先生こそ今日は遠いところお越しくださってありがとうございます。最近はどうなさっていますか? 日本に戻られてからもずっと教えていらっしゃるんですよね。
【川端】本格的に教えるのは5年前にやめましたけど、それまではかなり精力的に教えてましたよ。夕方は小学生、夜は中学生、土曜日や日曜日は高校生が英語だけ習いにきたり、遠方からお弁当持って1日勉強に来る子もいたり。 最近は緊急に必要になったときだけです。
【窪田】アメリカでも日本語補習校での授業がないときはご自宅で教えていらっしゃいましたけど、帰国されてからも続けておられたんですね。私もそうでしたが、先生の授業はわかりやすいから、子どもたちも教えてもらっていて楽しいんでしょうね。合理的というか論理的な教え方をしてくださったので、考え方がクリアにわかるようになる。
ニュージャージーの補習校でお勤めになる前は何をなさっていたんですか? どういういきさつでアメリカに行くことになったのでしょう。
【川端】大阪府松原市の天美小学校で教師をしていたんです。小学校の教師を辞めた時に、お世話になっていた短大の先生がアメリカで勉強してみてはどうかと薦めてくださったんです。ニューヨークにご兄弟が住んでいらして、ホームステイをさせていただくことになって。コロンビア大学のアメリカン・ランゲージ・プログラム(ALP)に通いました。1年半勉強したあと、いったん日本に帰りました。
同じ日本人で研究者である主人とは、日本に帰る前にニューヨークで知り合っていて、結婚を機にニューヨークに戻ったんです。日本で教師をしていたことが伝わったらしく、渡米後すぐにニューヨーク補習校から電話がかかってきて教えてみないかという連絡がありました。ニュージャージーには補習校がJ校とN校とあって、J校に最初の2年、窪田君と出会ったN校が3年目の時だったんです。その後リバーデールにある補習校でも教えていましたね。結婚して4年目、子どもが3歳になったこともあって日本で育てるために帰国したんです。

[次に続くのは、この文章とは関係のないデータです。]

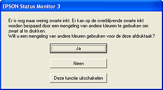 Klik op Deze functie uitschakelen om de resterende zwarte inkt te gebruiken. Het venster wordt niet meer weergegeven tot u de zwarte cartridge vervangt.

アメリカで教えていた生徒の親御さんとはずっと交流があったせいか、帰国してからも、アメリカで教えていた子どもたちが夏休みや長い休みで帰国している時にお弁当をもって勉強にくるようになったんです。それを近所の人たちが見ていて、自分たちのお子さんたちの勉強も見て欲しいとおっしゃるので、ご近所の子どもたちも教えるようになったんですよ。